Problem statement
Instruction for the listing below: copy exactly, and only, the lines from the one holding "Miss Byblos podle" through its last line, omitting any picture.

Given data
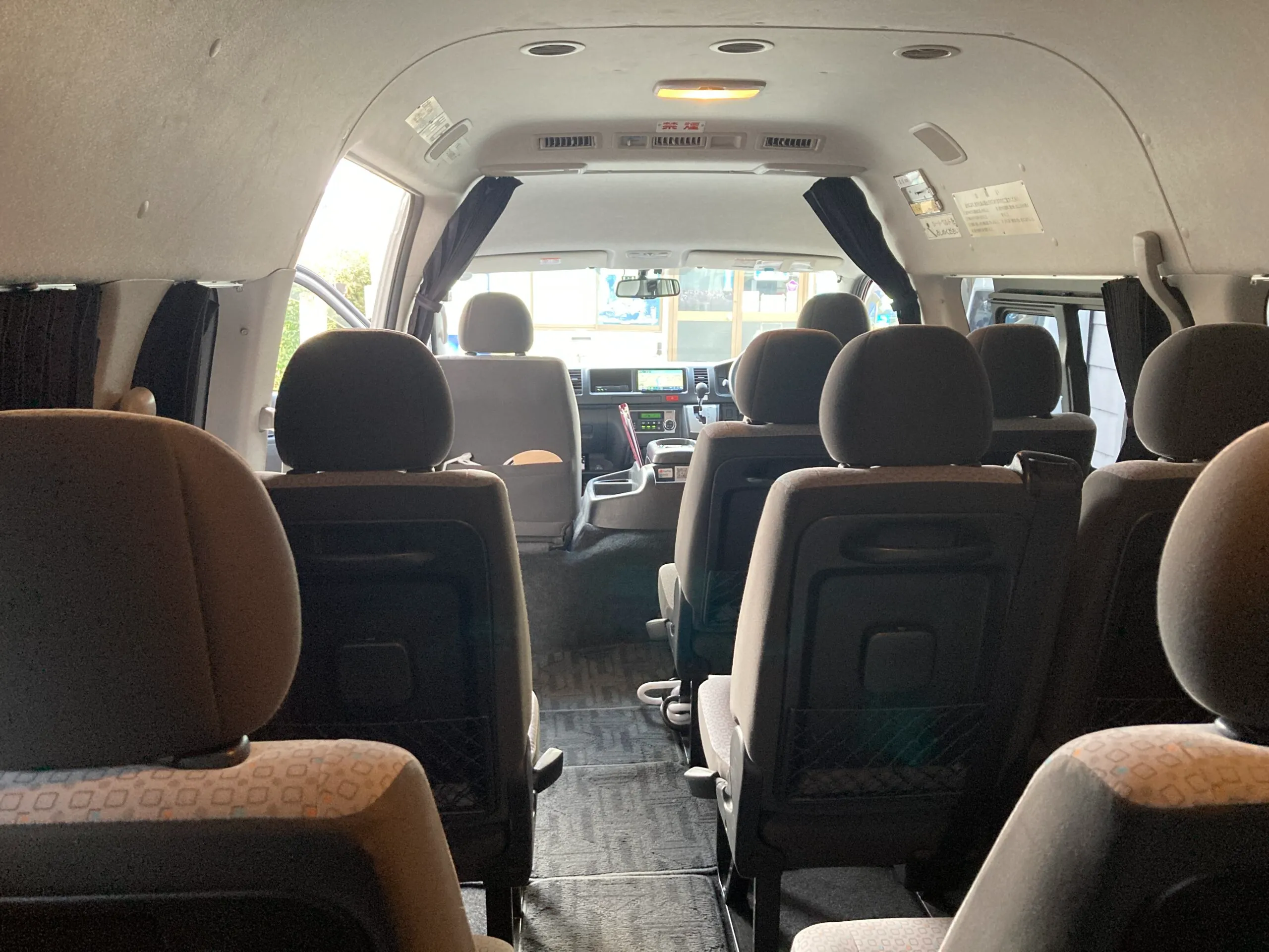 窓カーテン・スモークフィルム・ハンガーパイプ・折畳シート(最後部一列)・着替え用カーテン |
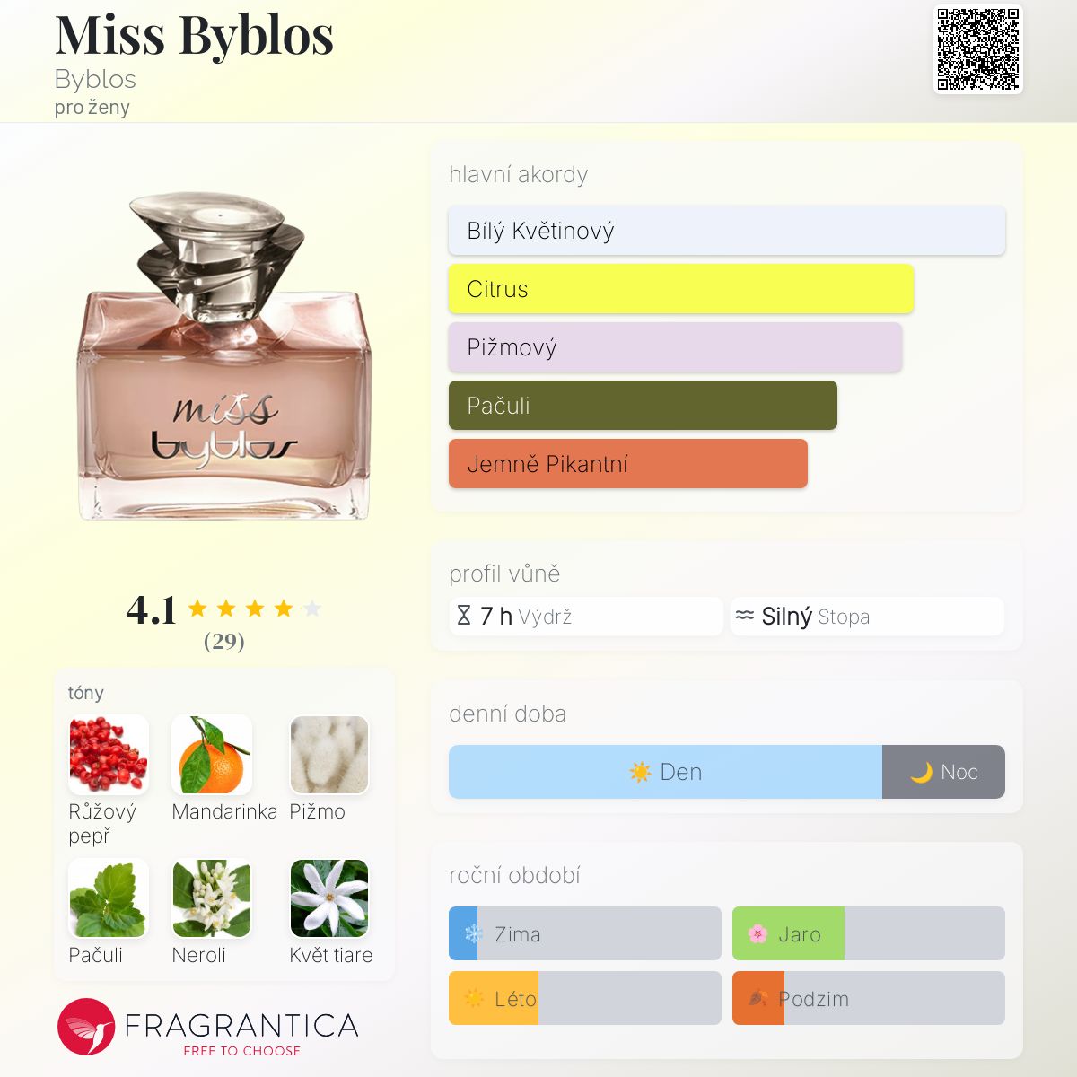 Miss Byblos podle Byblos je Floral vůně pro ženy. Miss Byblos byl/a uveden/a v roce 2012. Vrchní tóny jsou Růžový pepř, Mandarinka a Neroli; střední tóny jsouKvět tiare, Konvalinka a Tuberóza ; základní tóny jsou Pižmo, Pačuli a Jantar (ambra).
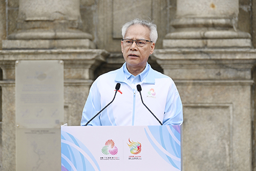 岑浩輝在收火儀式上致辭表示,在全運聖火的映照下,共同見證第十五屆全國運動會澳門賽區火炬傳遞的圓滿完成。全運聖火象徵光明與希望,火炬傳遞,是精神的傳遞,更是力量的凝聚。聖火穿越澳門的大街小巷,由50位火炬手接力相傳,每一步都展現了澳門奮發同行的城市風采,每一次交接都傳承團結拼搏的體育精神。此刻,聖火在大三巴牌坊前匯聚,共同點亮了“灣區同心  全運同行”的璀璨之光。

Response to this exercise
 Miss Byblos podle Byblos je Floral vůně pro ženy. Miss Byblos byl/a uveden/a v roce 2012. Vrchní tóny jsou Růžový pepř, Mandarinka a Neroli; střední tóny jsouKvět tiare, Konvalinka a Tuberóza ; základní tóny jsou Pižmo, Pačuli a Jantar (ambra).
 岑浩輝在收火儀式上致辭表示,在全運聖火的映照下,共同見證第十五屆全國運動會澳門賽區火炬傳遞的圓滿完成。全運聖火象徵光明與希望,火炬傳遞,是精神的傳遞,更是力量的凝聚。聖火穿越澳門的大街小巷,由50位火炬手接力相傳,每一步都展現了澳門奮發同行的城市風采,每一次交接都傳承團結拼搏的體育精神。此刻,聖火在大三巴牌坊前匯聚,共同點亮了“灣區同心  全運同行”的璀璨之光。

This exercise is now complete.